Оба волшебника запыхались и обливались потом к тому моменту, когда наконец добрались до святилища.
— Совсем не то, чего я ожидал, — пробормотал Аркониэль, глядя на нечто, больше всего напоминающее широкий каменный колодец.
— Не суди слишком поспешно, — усмехнулась Айя.
Двое коренастых жрецов в пыльных красных мантиях и серебряных масках сидели в тени деревянного навеса рядом с колодцем. Подойдя к ним, Айя тяжело опустилась на каменный выступ.
— Мне нужно собраться с мыслями, — сказала она Аркониэлю. — Ты иди первым.
Один из жрецов отнес к стенке колодца моток толстой веревки и знаком поманил Аркониэля. Тот нервно улыбнулся Айе и подошел ко входу в обитель оракула, которая выглядела просто как провал примерно четырех футов в диаметре. Жрецы обвязали его веревкой.

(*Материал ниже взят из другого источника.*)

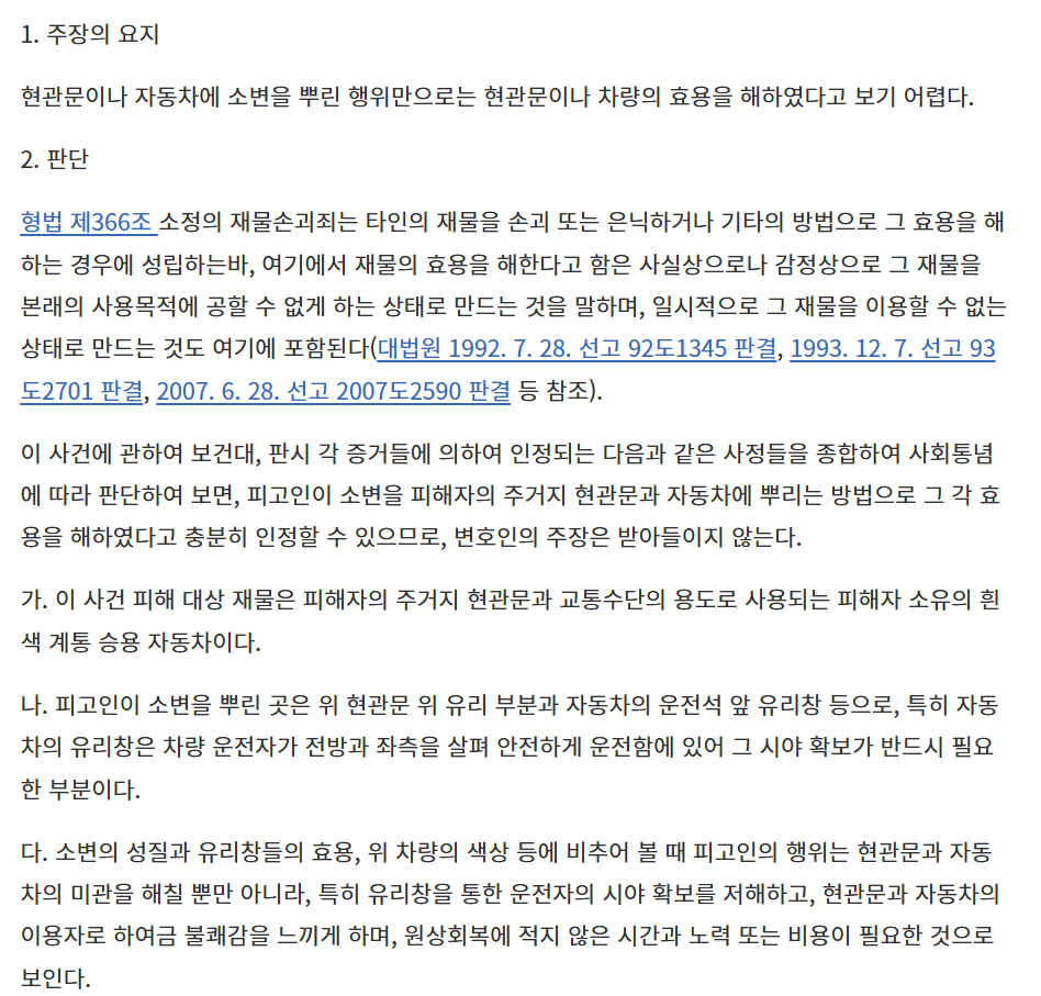 재물손괴는 복원가능하냐로 무죄나는거 꽤 있더라 예를들어 남의 건물이나 차에 대고 소변갈긴다던가 하는건 그냥 세차하면 끝이기 때문에 손괴도 뭣도 아님

То доказательство веры и надежды на бога, которое требовалось от паломника, многих пугало, особенно в первый раз, но Аркониэль, как всегда, не проявил колебаний. Он сел на край дыры, свесив ноги вниз, взялся за веревку и кивнул жрецам. Они начали его спускать и травили веревку до тех пор, пока она не ослабла.
Айя осталась под навесом, стараясь успокоить отчаянно колотящееся сердце. Она уже много дней старалась не думать о том, что ей предстоит сделать. Теперь, оказавшись перед святилищем, она неожиданно пожалела об этом своем решении. Закрыв глаза, Айя попыталась разобраться в своих страхах, но так и не смогла понять, что их вызвало. Да, она собиралась нарушить завет своего учителя, но дело было в чем-то другом. Оказавшись на пороге обители оракула, Айя испытала угнетающее предчувствие тяжкой тьмы, нависшей над ней. Она молча стала молить богов дать ей силу вынести то, что будет открыто ей сегодня Иллиором, не свернуть с предначертанного ей пути.
Аркониэль дернул веревку, подавая знак жрецам, раньше, чем того ожидала Айя. Жрецы вытащили его на поверхность, и молодой волшебник поспешил к Айе и растянулся на земле у ее ног.
— Айя, произошла очень странная вещь, — начал он, но Айя остановила его, предостерегающе подняв руку.
— Мы поговорим потом. — Она знала, что должна явиться к оракулу немедленно или отказаться от этого вовсе.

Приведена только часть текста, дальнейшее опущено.